VJJ was purchased from Hebei Renxin Pharmaceutical Co., LTD. The extraction process was as follows: the crude powder of VJJ was subjected to 70% ethanol extraction, with an initial extraction ratio of 8:1 for 24 h, followed by a subsequent 6:1 extraction for 12 h. The resultant extracts were amalgamated and then concentrated under reduced pressure to remove any residual alcoholic odor, yielding an ethanolic extract. For purification, the ethanolic extract was homogeneously dispersed in water through ultrasonication and subsequently loaded onto a D101 macroporous resin column, characterized by a specific adsorption capacity of 72 mg/g, an adsorption flow rate of 1 BV/h, and an elution flow rate of 2 BV/h. Elution was performed sequentially with water at 6BV, followed by 60% ethanol at 4BV, and finally 95% ethanol at 4BV. The 95% ethanol fraction was collected, concentrated into a paste under reduced pressure, and subsequently dried in a vacuum at 40°C. The quantification of total iridoids in the extract, as determined by ultraviolet spectrophotometry, was established at 83.25%.

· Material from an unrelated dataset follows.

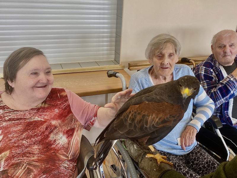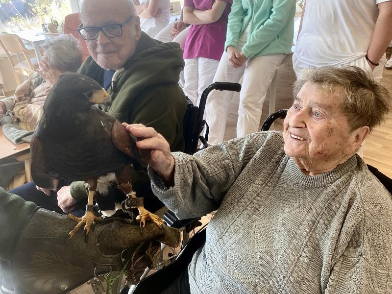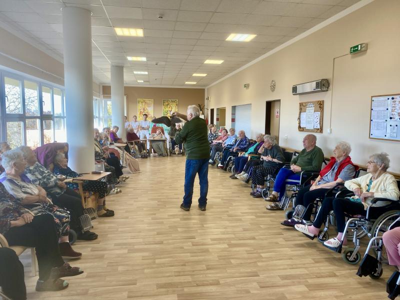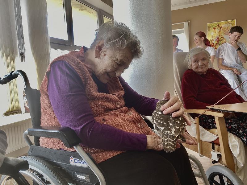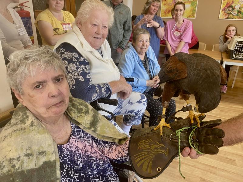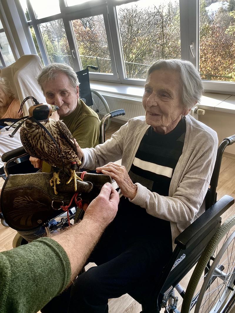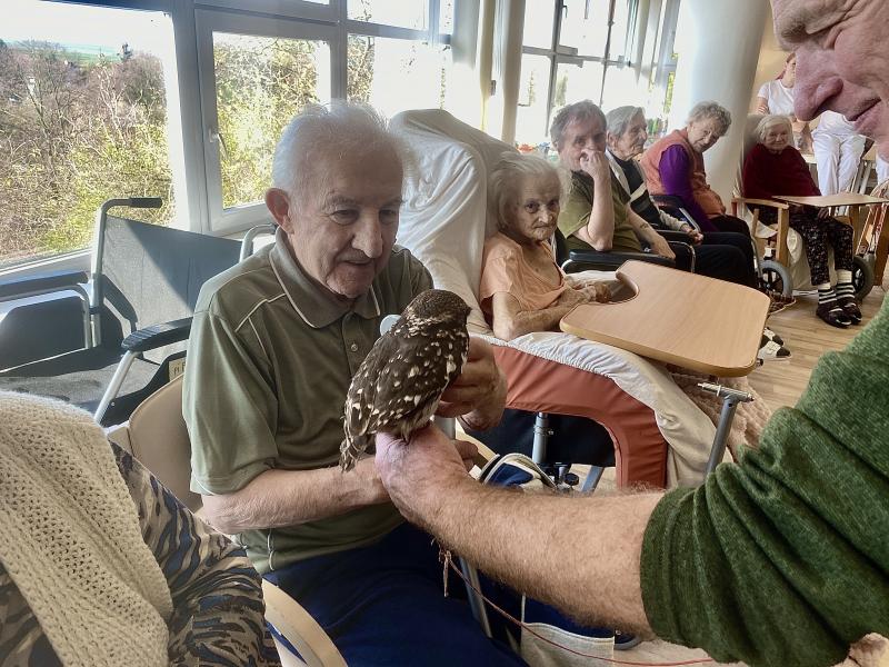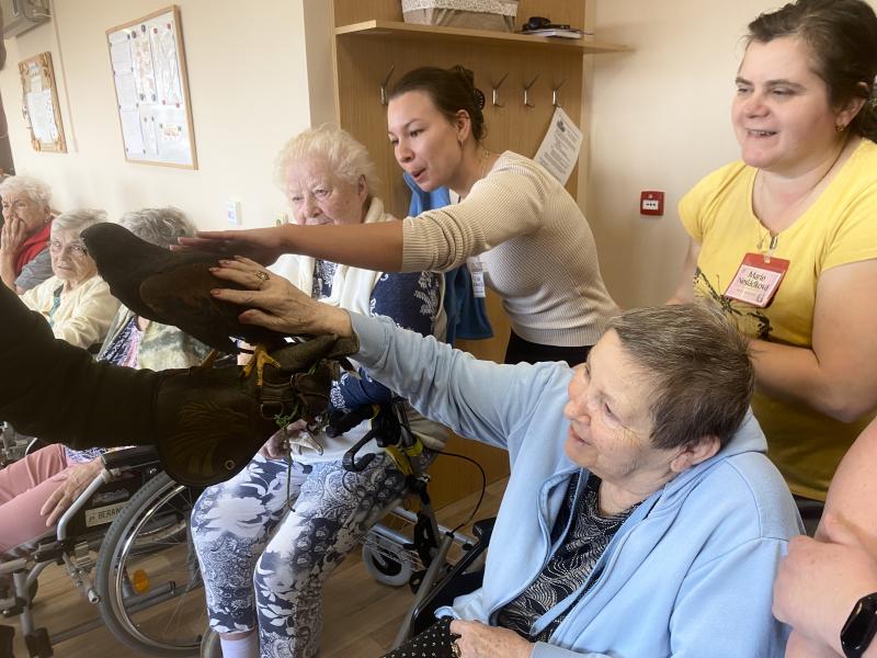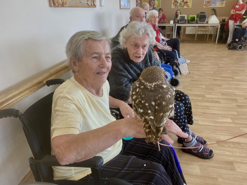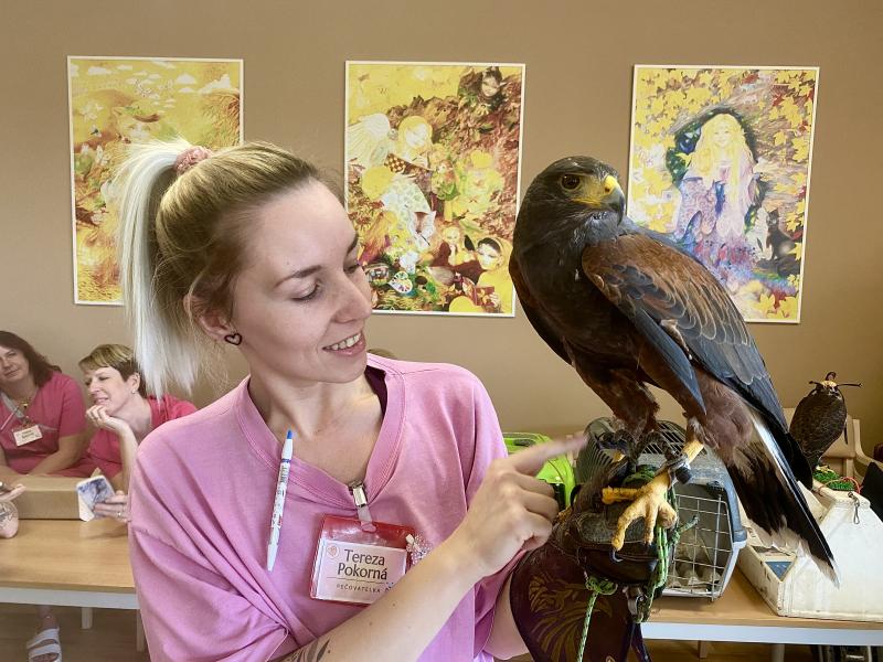 Dnes nás poctila vzácná návštěva, do našeho Domova zavítal pan Kunc společně se svými dravci. V průběhu hodinového představení jsme tak na vlastní oči mohli vidět sokola, káně Harrisovo, puštíka a sovu pálenou. Klienti měli možnost si všechny opeřence pohladit a ti odvážnější si dokonce vzali dravce i na ruku. Pan Kunc nám ke každému z nich přednesl i zajímavý výklad a zodpověděl všechny naše otázky.

Forty-eight healthy male Sprague Dawley rats, weighing between 250 to 290 grams, were acquired from SiPeiFu (Beijing) Biotechnology Co. Ltd. (Animal Certificate No.: SCXK (Beijing) 2019–0010). The housing conditions were meticulously maintained, ensuring cleanliness and adequate ventilation, with a stable room temperature of 22 ± 2°C, relative air humidity maintained at 60%, a 12-h light–dark cycle, and ad libitum access to food. The conduct of the animal study received ethical approval from the Ethics Committee of the General Hospital of the Western Theater Command of the Chinese People’s Liberation Army.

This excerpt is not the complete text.